------ TASK INPUT
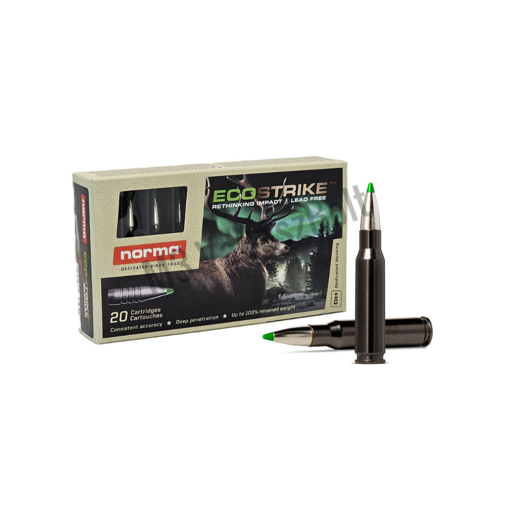 Az ECOSTRIKE™ az ólommentes lövedékek legfejlettebb gyártási technológiával készül réz és nikkel ötvözetéből. A műanyag hegy elősegíti a gombásodást és csökkenti a légellenállást, míg a csónakfar kialakítás növeli a ballisztikai együtthatót, valamint a majdnem 100%-os súlymegtartás biztosítja a nagy átütőerőt. A lövedék becsapódáskor sziromszerűen szétnyíló elülső része megfelelő sebcsatornát képez, mindezeknek köszönhetően a lövedék megfelelő ölőerővel rendelkezik. A nikkel bevonat elősegíti a fegyvercső hosszú élettartamát.
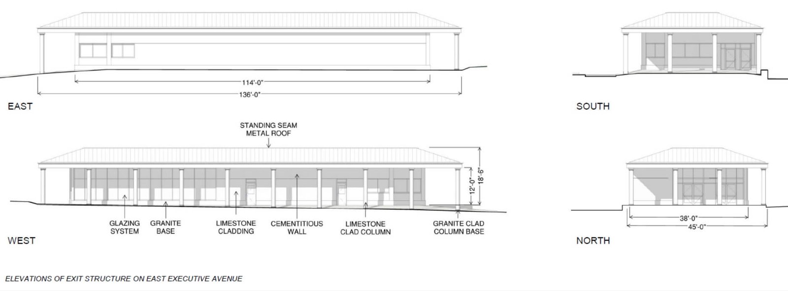 The low-lying structure would have a 12-foot ceiling height, and a hipped, standing seam metal roof, modeled after existing security booth facilities on the site. Its west facade would have a limestone-clad colonnade, and a granite base.
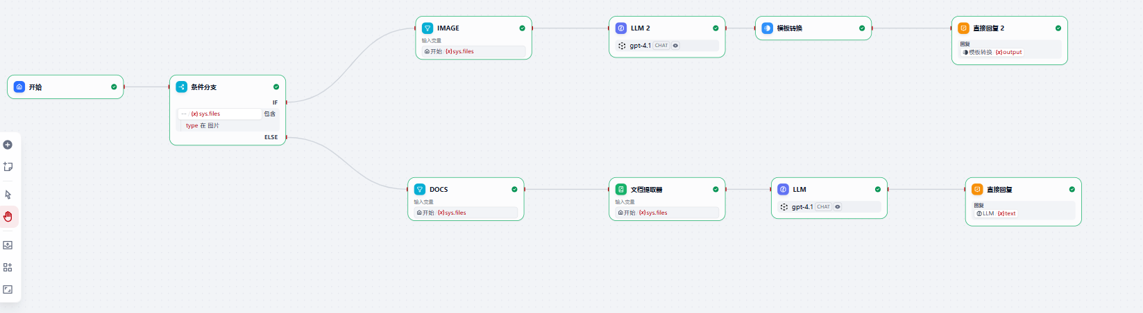 按照上面流程配置起来的工作流是对图片和文档单独处理,如果想同时传递多个附件文件,同时处理图片和文档,可以将条件分支去掉后就可以进行并行处理。
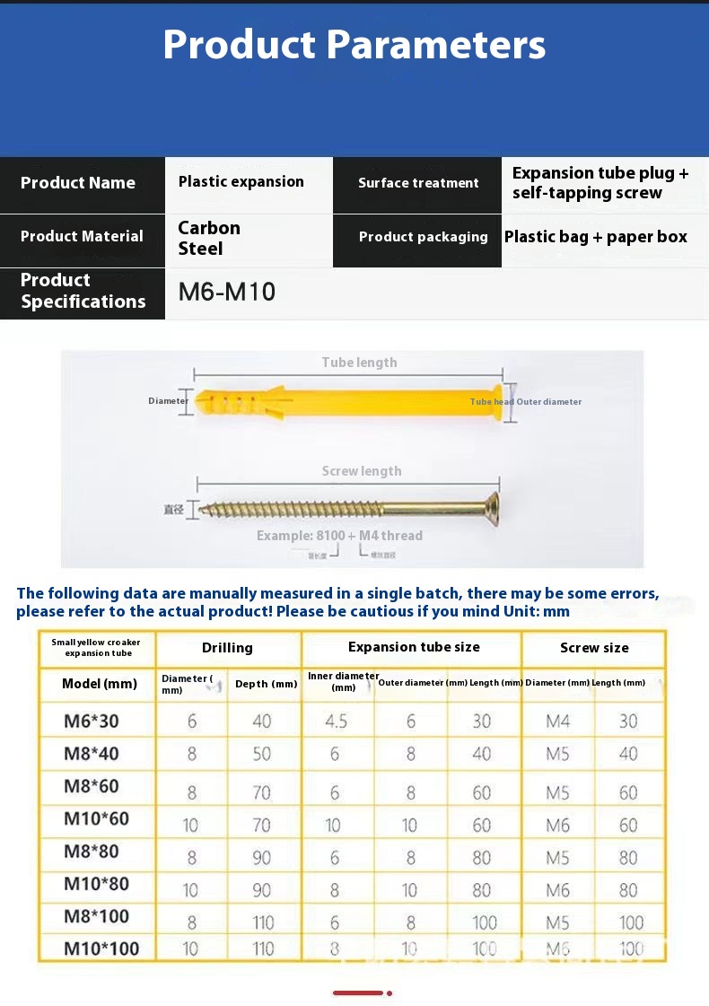 Specification: Little Yellow Croaker Plastic Expansion Bolts Nylon Expansion Pipe
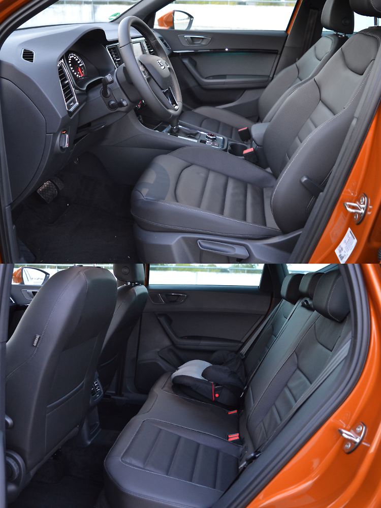 Und tatsächlich: In den Maßen trennt die beiden SUV nur wenig. Mit 4,36 Metern Länge ist der Spanier 13 Zentimeter kürzer als der Wolfsburger. In der Höhe sind es lediglich zwei Zentimeter, die der Tiguan den Ateca überragt und die Breite differiert lediglich um einen Zentimeter. Das ist nichts, der geringe Unterschied spiegelt sich letztlich auch im Innenraum des Spaniers wider: Das Raumangebot ist in beiden Reihen grandios. Selbst größere Reisende sollten hier keine Probleme mit Kopf und Knie bekommen und Kinder können entspannt die Beine baumeln lassen.
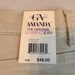 New with tags Gloria Vanderbilt Amanda "The Original Slimming Jean" in a soft Stonewood beige wash. Classic mid-rise fit with stretch for comfort and a clean, flattering straight leg silhouette. Versatile neutral that works year-round.
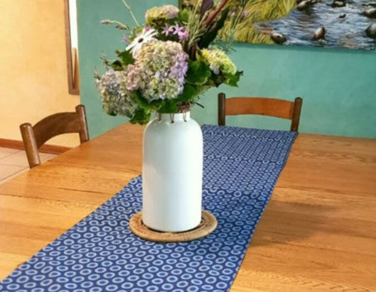 Our Shweshwe table runners are vibrant and made from long-lasting cloth. All our table runners are hand printed from 100 percent cotton and created in a factory near King Williams Town, South Africa.
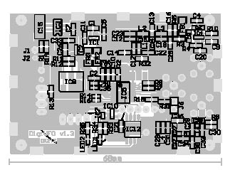 For the DigiVFO PCB in the pdf format look here This print is from components side and is in 1:1 ratio.
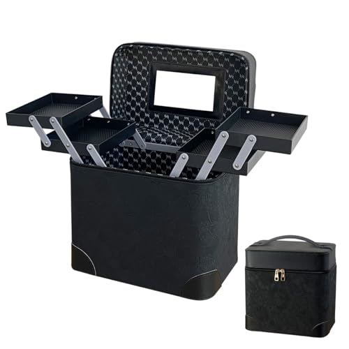 RAKUメイクボックスは大容量で高いボトルも収納可能。花柄デザイン、ミラー付きで便利。防塵・防水仕様、持ち運びやすく、小物整理も簡単。旅行用やプレゼントにもぴったりの多機能ケース(ブラック)。
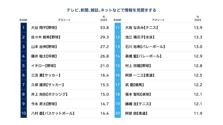 ・「情報を見聞きする選手」 では、大谷翔平が最も多く、山本由伸、佐々木朗希が続き、上位3人はいずれも現役メジャーリーガーとなった。SNSを含め、日常的に情報に触れる機会が多い選手の存在が、競技への興味関心を後押ししている。【図表2】
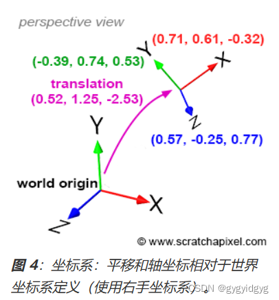 该坐标系是一种约定,用于定义 0D 虚拟空间中的坐标 [0,0,3] 和彼此正交的三个单位轴(图 4)。它是 3D 场景的本初子午线 - 场景中的任何其他点或任意坐标系都是相对于世界坐标系定义的。定义此坐标系后,我们可以创建其他笛卡尔坐标系。与点一样,这些坐标系的特征是空间中的位置(平移值),但也具有彼此正交的三个单位轴或矢量(根据定义,这就是笛卡尔坐标系)。这三个单位向量的位置和值都是相对于世界坐标系定义的,如图 4 所示。
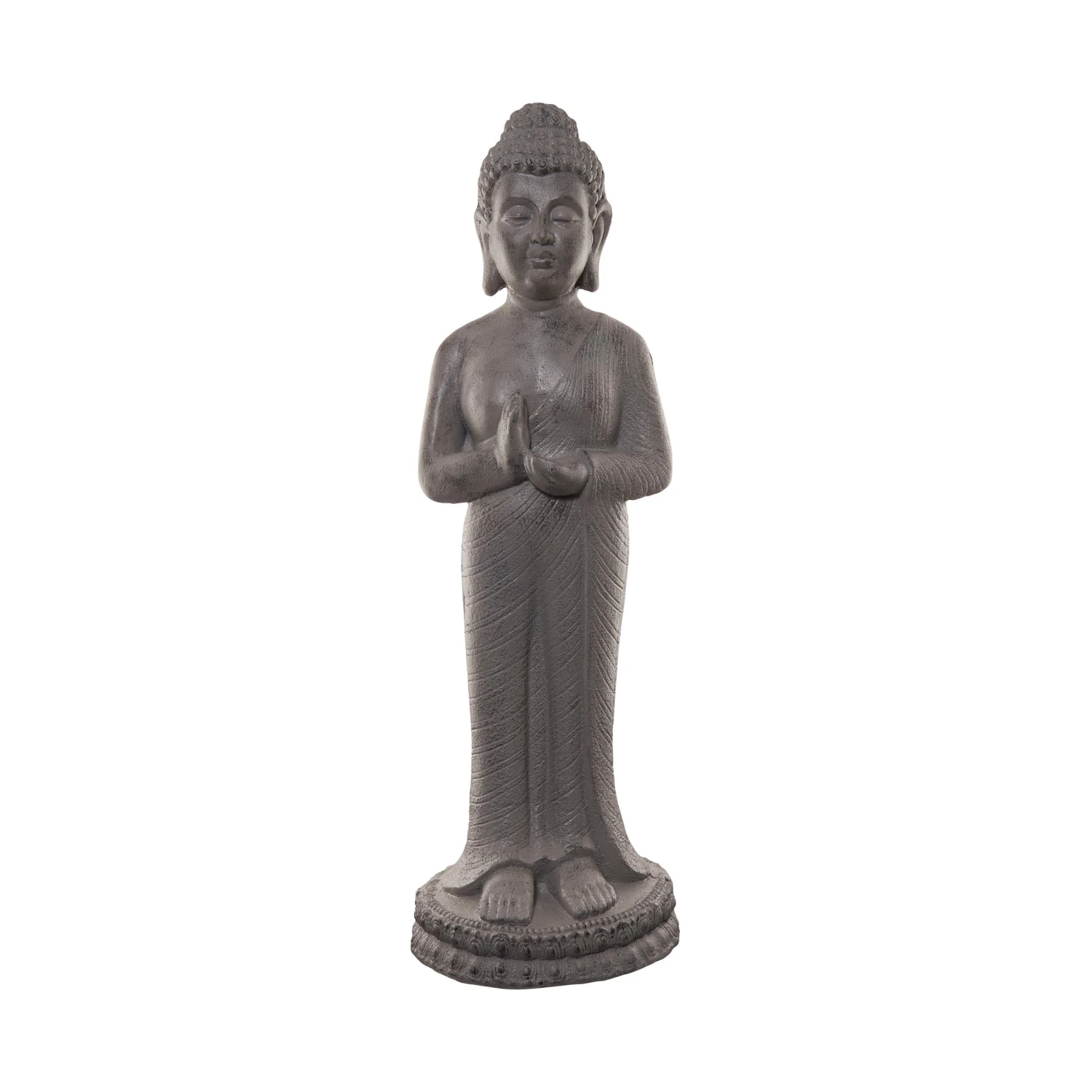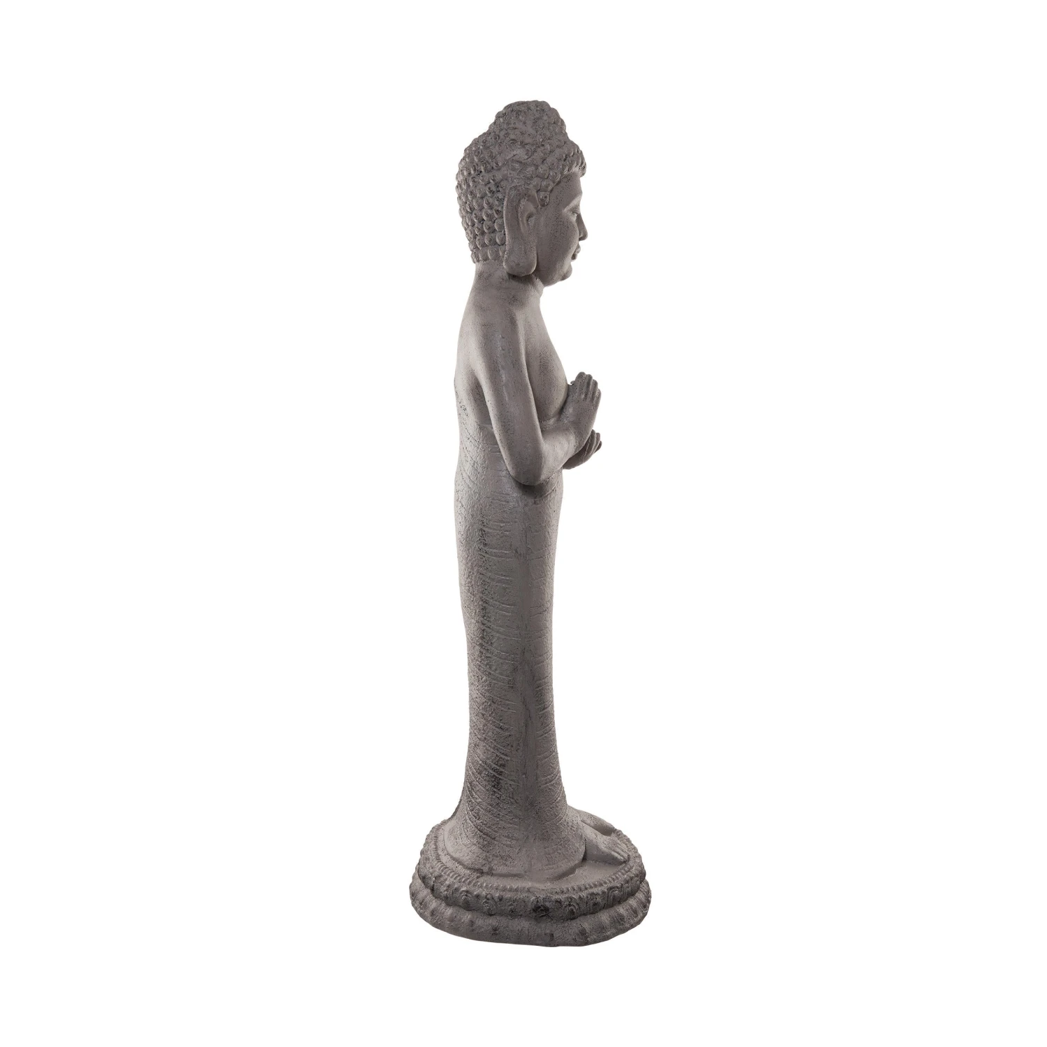 Gelassenheit und Kraft für jeden Tag: Die fast ein Meter hohe Buddha Statue im klassischen Stil verwandelt Ihr Wohn- oder Schlafzimmer in eine Oase der Ruhe und Entspannung. Dabei wirkt die Statue pur ebenso wie in Verbindung mit Blumenschmuck, Kerzen, Laternen oder Windlichtern. Aus Magnesia, für Indoor geeignet.
------------
**WHAT NEEDS TO BE DONE:** An exact copy is needed of the entries above, starting at the line that holds "Und tatsächlich: In" and stopping at the line that holds "New with tags", both kept; pictures stay out.

**RESULT OF THIS TASK:**
 Und tatsächlich: In den Maßen trennt die beiden SUV nur wenig. Mit 4,36 Metern Länge ist der Spanier 13 Zentimeter kürzer als der Wolfsburger. In der Höhe sind es lediglich zwei Zentimeter, die der Tiguan den Ateca überragt und die Breite differiert lediglich um einen Zentimeter. Das ist nichts, der geringe Unterschied spiegelt sich letztlich auch im Innenraum des Spaniers wider: Das Raumangebot ist in beiden Reihen grandios. Selbst größere Reisende sollten hier keine Probleme mit Kopf und Knie bekommen und Kinder können entspannt die Beine baumeln lassen.
 New with tags Gloria Vanderbilt Amanda "The Original Slimming Jean" in a soft Stonewood beige wash. Classic mid-rise fit with stretch for comfort and a clean, flattering straight leg silhouette. Versatile neutral that works year-round.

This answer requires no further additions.